If different IP implementations are to be compatible, there must be
convention distinguished number to denote "all hosts" and "all
subnets".
Since the local network layer can always map an IP address into data
link layer address, the choice of an IP "broadcast host number" is
somewhat arbitrary. For simplicity, it should be one not likely to
be assigned to a real host. The number whose bits are all ones has
this property; this assignment was first proposed in [6]. In the few
cases where a host has been assigned an address with a host-number
part of all ones, it does not seem onerous to require renumbering.
The "all subnets" number is also all ones; this means that a host
wishing to broadcast to all hosts on a remote IP network need not
know how the destination address is divided up into subnet and host
fields, or if it is even divided at all. For example, 36.255.255.255
may denote all the hosts on a single hardware network, or all the
hosts on a subnetted IP network with 1 byte of subnet field and 2
bytes of host field, or any other possible division.

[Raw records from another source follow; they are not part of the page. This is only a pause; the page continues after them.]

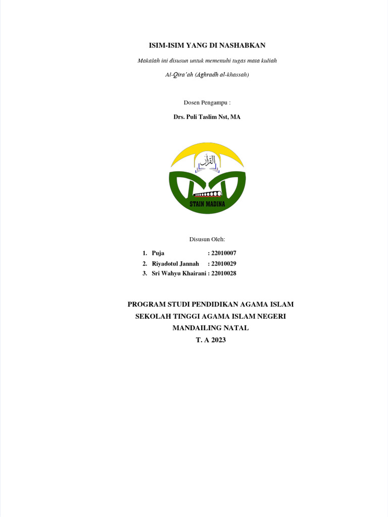 Makalah ini dibuat untuk memenuhi tugas mata kuliah “Al-Qira’ah (Aghradh al-Khassah)”.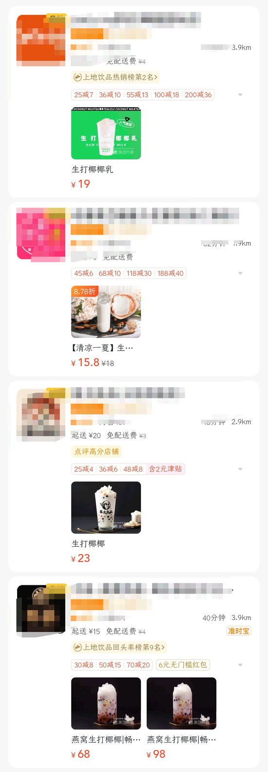 即便如今,盒饭财经随手打开美团,搜“生打椰椰”,至少有6家不同的茶饮品牌在售同名的产品。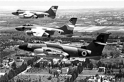 이스라엘 상공을 비행중인 이스라엘 공군의 프랑스제 보뚜르 2 N 전폭기 3대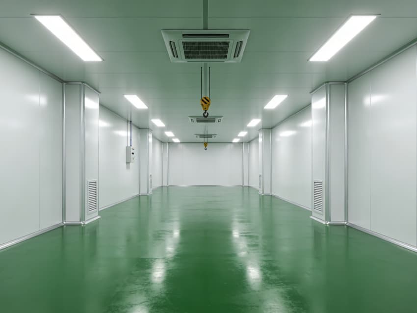 墙面采用白色食品级洁净抗菌涂层施工,推行无缝拼接与高精度找直工艺,阴阳角采用R50圆弧倒角处理,杜绝积尘死角,涂层附着力达2.5MPa,硬度≥2H,可耐受高频次洁净消杀与工业粉尘防护。各功能区域针对性实施专项工艺:核心加工区地面增设多层阻尼减震垫层,采用浮筑地面施工技术,有效隔绝振动干扰;检测区墙面做保温隔热一体化处理,预留精密仪器专用管线预埋孔,确保恒温恒湿环境稳定;装配区采用防静电接地网格预埋工艺,保障零件装配过程静电安全。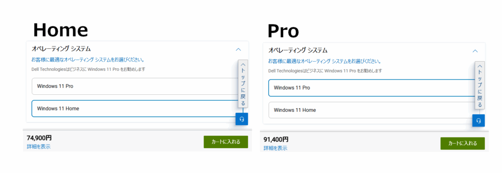 実際、メーカー製PCでは Homeのほうが1〜1.5万円ほど安いため、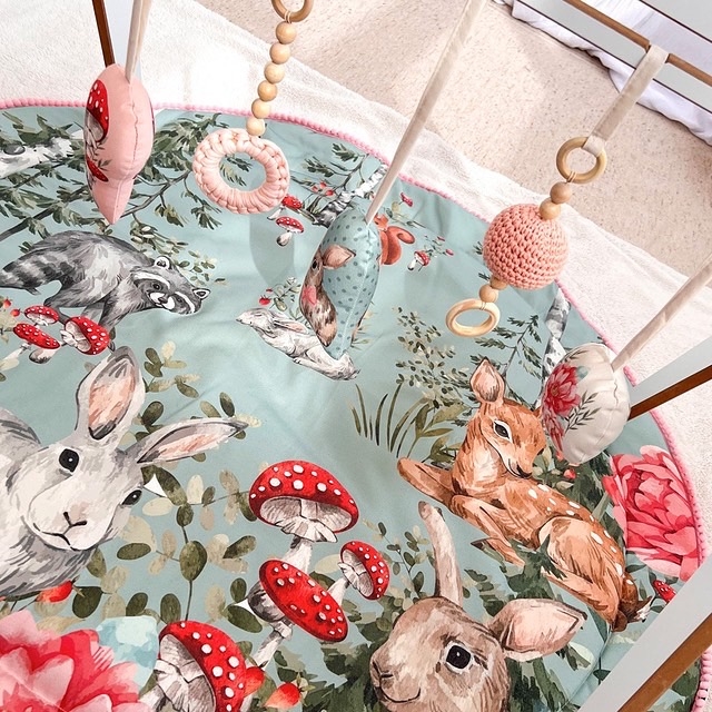 Nuestro Play Mat Savage fué diseñado para fomentar el movimiento libre de tu bebé desde sus primeros días.Ideal para fomentar y estimular a tu bebé mientras juega.Medidas:Playmat Cuento para Emma mide 105 cm y es súper acolchonado, relleno con guata, ideal para apoyar al bebé directamente sobre el.Realizado en gabardina estampada, y flecos color crudo alrededor.Nuestros productos están hechos con materiales nobles, amigables con el medio ambiente y libres de plástico.( NO INCLUYE GIMNASIO DE MADERA)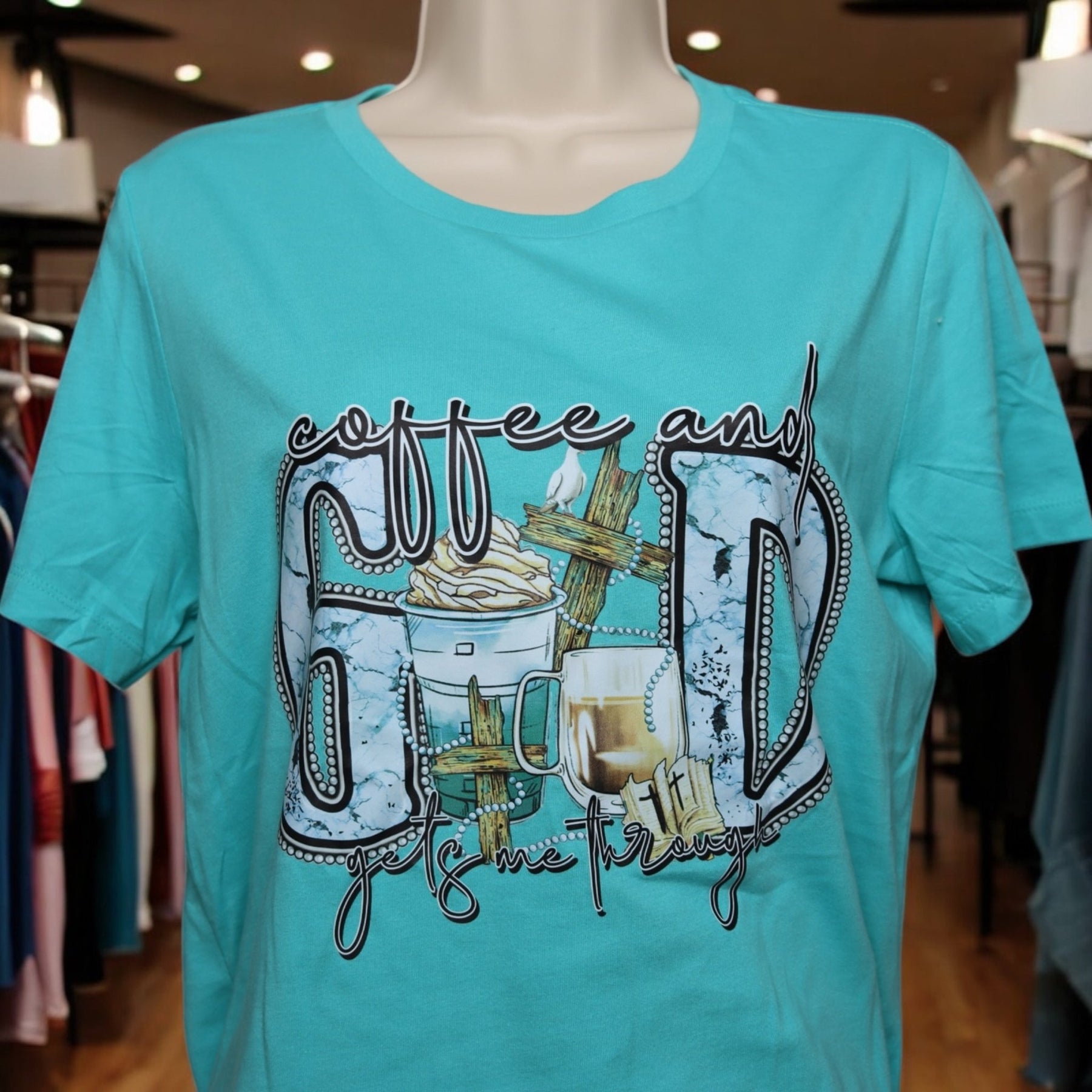 Part of our Faith Threads collection, this Coffee and God Gets Me Through tee is for the woman who runs on caffeine and Christ. Whether you’re conquering a chaotic morning or finding calm in the middle of the storm, this comfy tee reminds you of the two essentials that carry you through it all.

The address 255.255.255.255 denotes a broadcast on a local hardware
network that must not be forwarded. This address may be used, for
example, by hosts that do not know their network number and are
asking some server for it.
Thus, a host on net 36, for example, may:
broadcast to all of its immediate neighbors by using
255.255.255.255
broadcast to all of net 36 by using 36.255.255.255
without knowing if the net is subnetted; if it is not, then both
addresses have the same effect. A robust application might try the
former address, and if no response is received, then try the latter.
See [1] for a discussion of such "expanding ring search" techniques.
If the use of "all ones" in a field of an IP address means
"broadcast", using "all zeros" could be viewed as meaning
"unspecified". There is probably no reason for such addresses to
appear anywhere but as the source address of an ICMP Information
Request datagram. However, as a notational convention, we refer to
networks (as opposed to hosts) by using addresses with zero fields.
For example, 36.0.0.0 means "network number 36" while 36.255.255.255
means "all hosts on network number 36".